▼▼▼

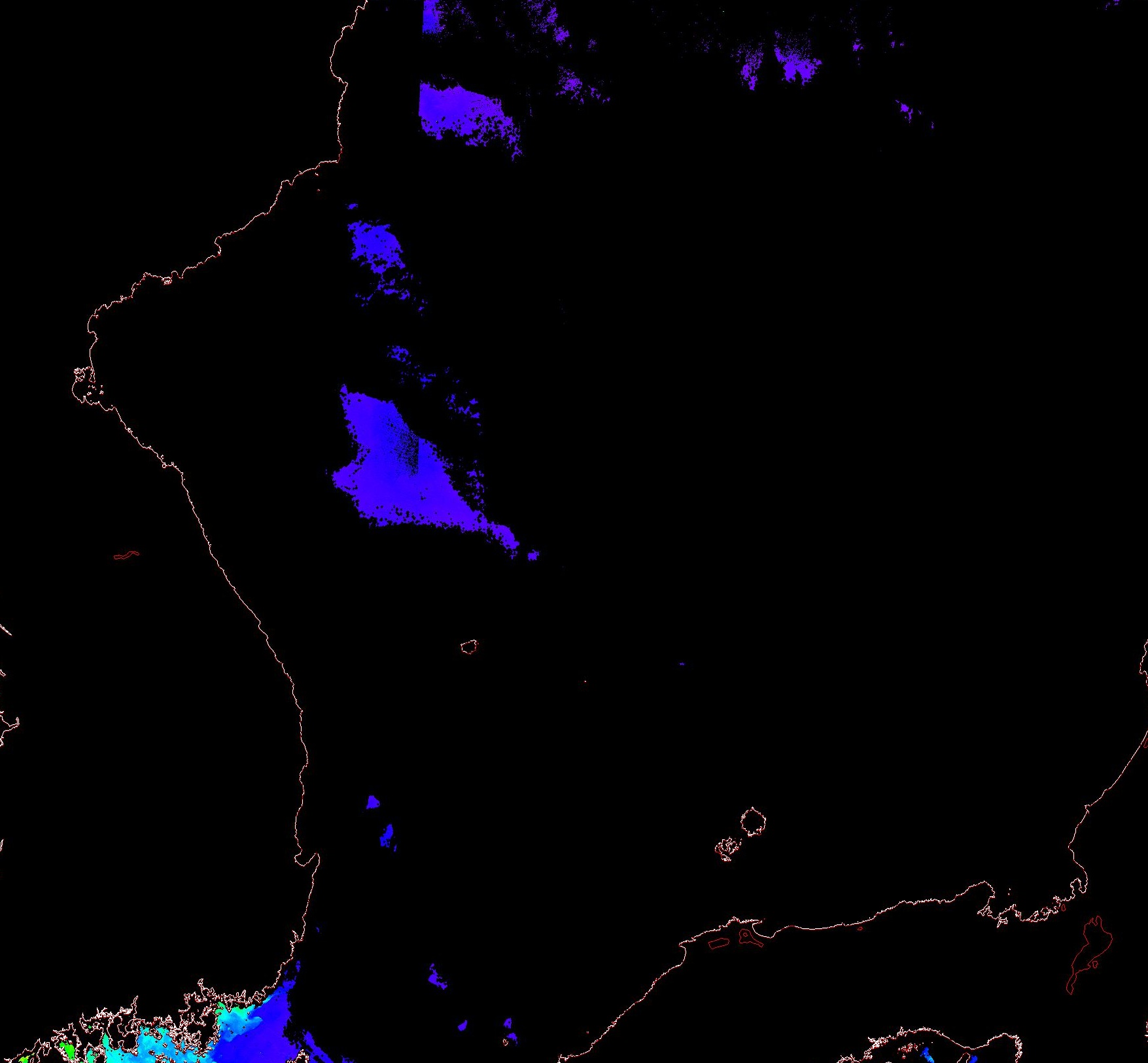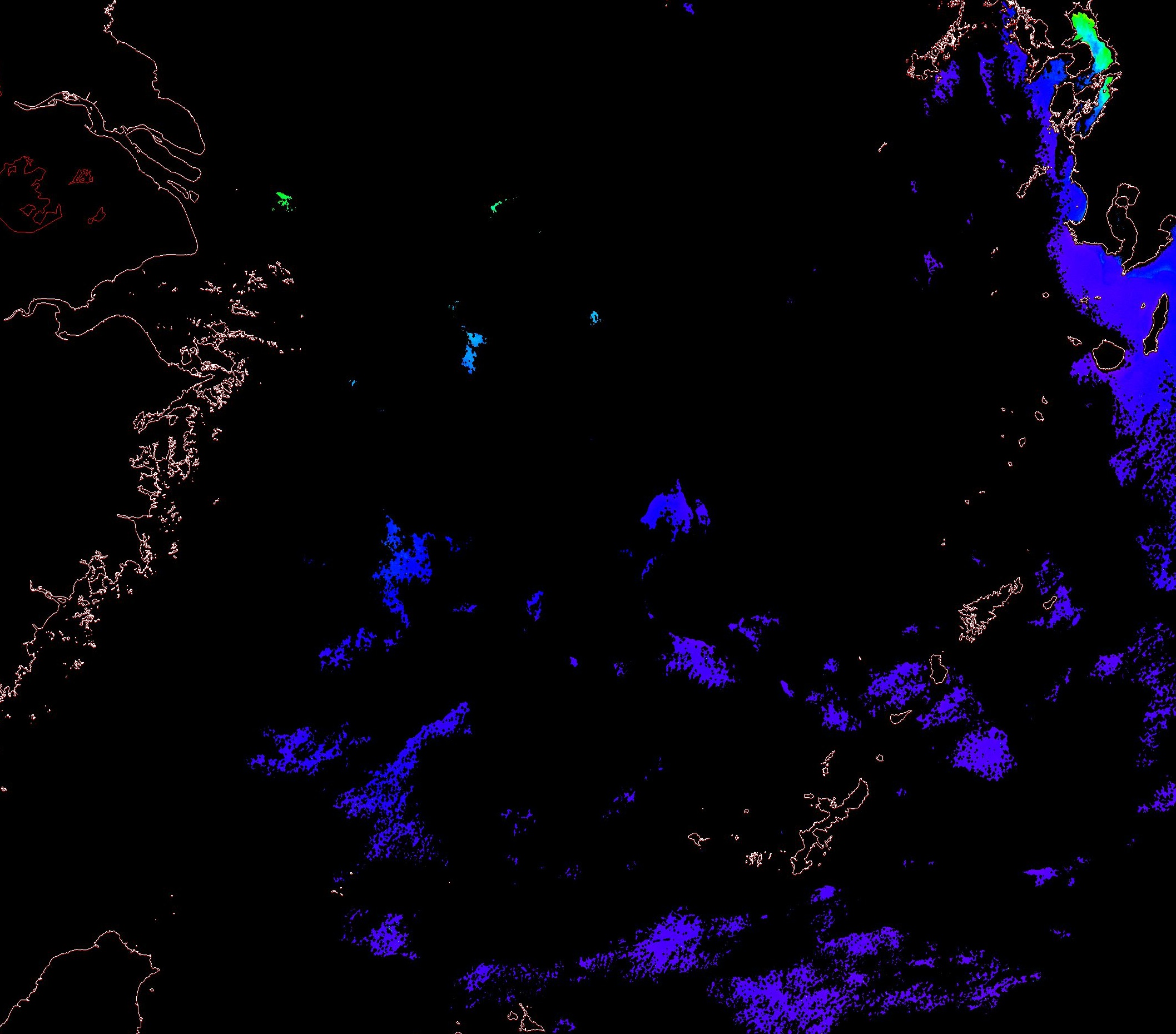 o 2013년 12월 22일 천리안 GOCI 위성영상입니다. [ GOCI : Geostationary Ocean Color Imager ] o 농도분포는 하단 범례를 참고하시기 바랍니다. o 검은색은 구름을 나타냅니다. o 그림을 클릭하시면 크게 보실 수 있습니다. o 천리안 GOCI 클로로필 a 동해지역. o 천리안 GOCI 클로로필 a 서해지역. o 천리안 GOCI 클로로필 a 남해지역. 천리안 GOCI 클로로필 a 둥중국해지역. o 천리안 GOCI 클로로필 a 대화퇴지역. ![]() 천리안 GOCI 영상은 한국해양과학기술원 해양위성센터에서 수신하였습니다. |
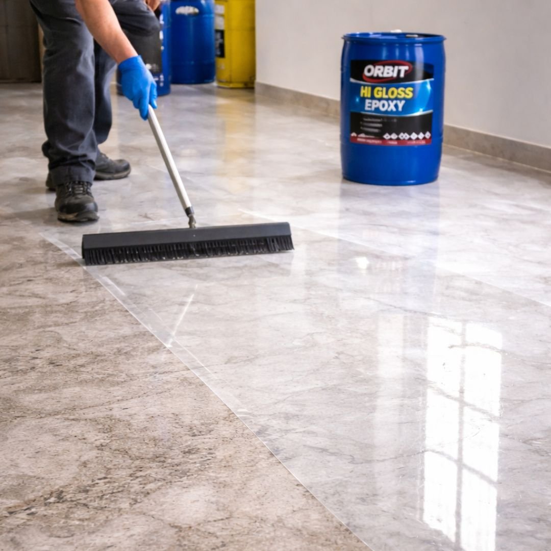Its optimized viscosity ensures uniform film thickness and efficient application across expansive floor areas. Orbit Hi Gloss Epoxy offers consistent curing behavior and industrial-grade batch reliability suitable for contractors and OEM coating systems.
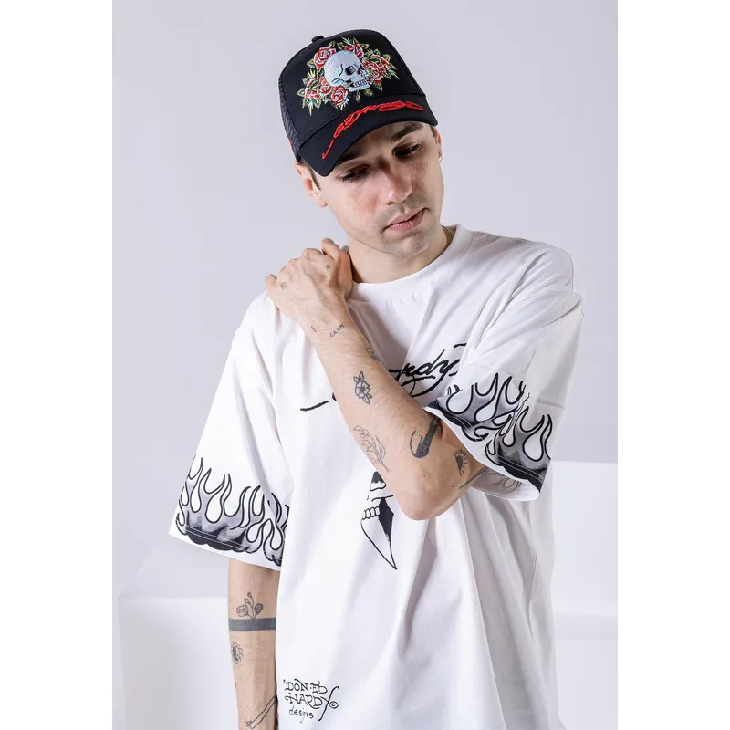 Czarna czapka typu trucker Ed Hardy Skull Rose to obowiązkowy dodatek dla każdego miłośnika mody miejskiej. Dzięki uniseksowemu designowi oraz nadrukowi czaszki i róży ta czapka jest idealna dla tych, którzy chcą się wyróżniać i wyznaczać trendy. Zapięcie na zatrzask zapewnia wygodne i bezpieczne dopasowanie, a logo marki z przodu dodaje mu autentyczności i jakości. Nie czekaj dłużej i dodaj tę niesamowitą czapkę do swojej kolekcji akcesoriów.
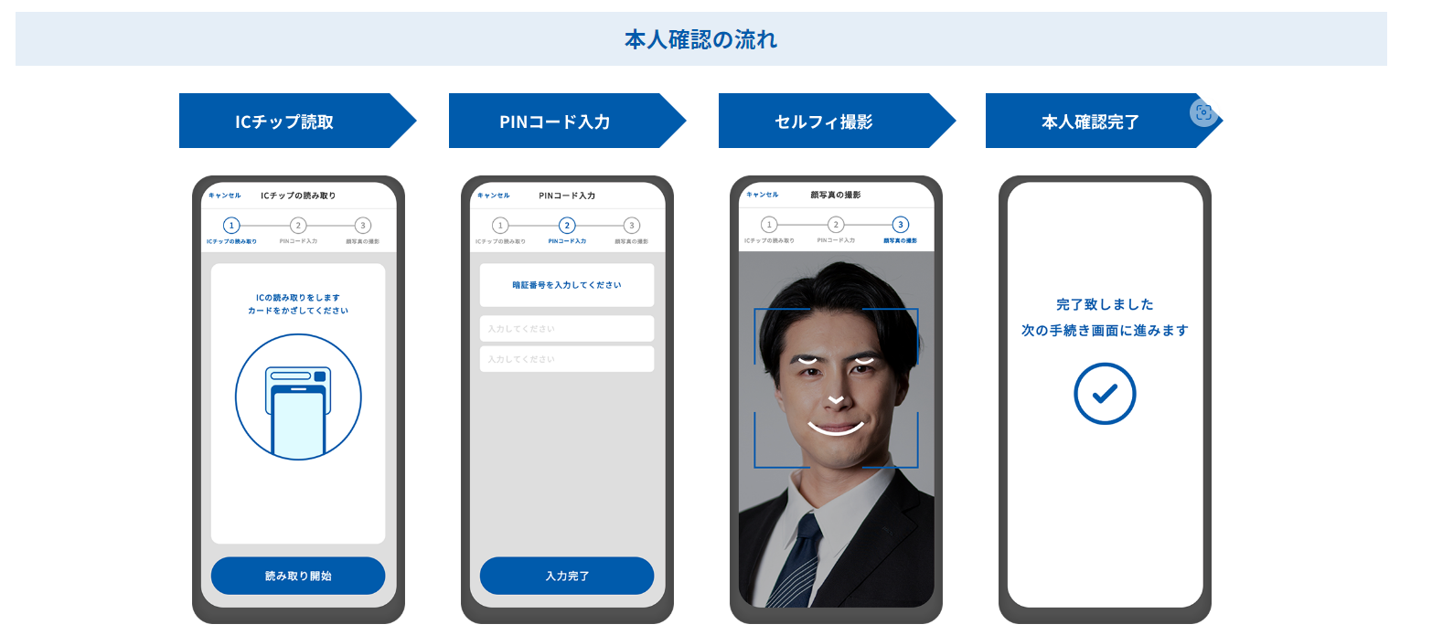 ・公的個人認証、ICチップ読取を活用した身元確認方式にも対応可能。
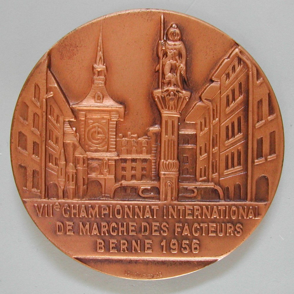 AS: Altstadt von Bern mit Zytglogge, VIIe CHAMPIONNAT INTERNATIONAL / DE MARCHE DES FACTEURS / BERNE 1956, sig: LOUIS MEYER +Co

▲▲▲

— Try it —
Please write out the entire listing above exactly, but leave the pictures out.

— Answer to this problem —
 o 2013년 12월 22일 천리안 GOCI 위성영상입니다. [ GOCI : Geostationary Ocean Color Imager ] o 농도분포는 하단 범례를 참고하시기 바랍니다. o 검은색은 구름을 나타냅니다. o 그림을 클릭하시면 크게 보실 수 있습니다. o 천리안 GOCI 클로로필 a 동해지역. o 천리안 GOCI 클로로필 a 서해지역. o 천리안 GOCI 클로로필 a 남해지역. 천리안 GOCI 클로로필 a 둥중국해지역. o 천리안 GOCI 클로로필 a 대화퇴지역. ![]() 천리안 GOCI 영상은 한국해양과학기술원 해양위성센터에서 수신하였습니다. |
Its optimized viscosity ensures uniform film thickness and efficient application across expansive floor areas. Orbit Hi Gloss Epoxy offers consistent curing behavior and industrial-grade batch reliability suitable for contractors and OEM coating systems.
 Czarna czapka typu trucker Ed Hardy Skull Rose to obowiązkowy dodatek dla każdego miłośnika mody miejskiej. Dzięki uniseksowemu designowi oraz nadrukowi czaszki i róży ta czapka jest idealna dla tych, którzy chcą się wyróżniać i wyznaczać trendy. Zapięcie na zatrzask zapewnia wygodne i bezpieczne dopasowanie, a logo marki z przodu dodaje mu autentyczności i jakości. Nie czekaj dłużej i dodaj tę niesamowitą czapkę do swojej kolekcji akcesoriów.
 ・公的個人認証、ICチップ読取を活用した身元確認方式にも対応可能。
 AS: Altstadt von Bern mit Zytglogge, VIIe CHAMPIONNAT INTERNATIONAL / DE MARCHE DES FACTEURS / BERNE 1956, sig: LOUIS MEYER +Co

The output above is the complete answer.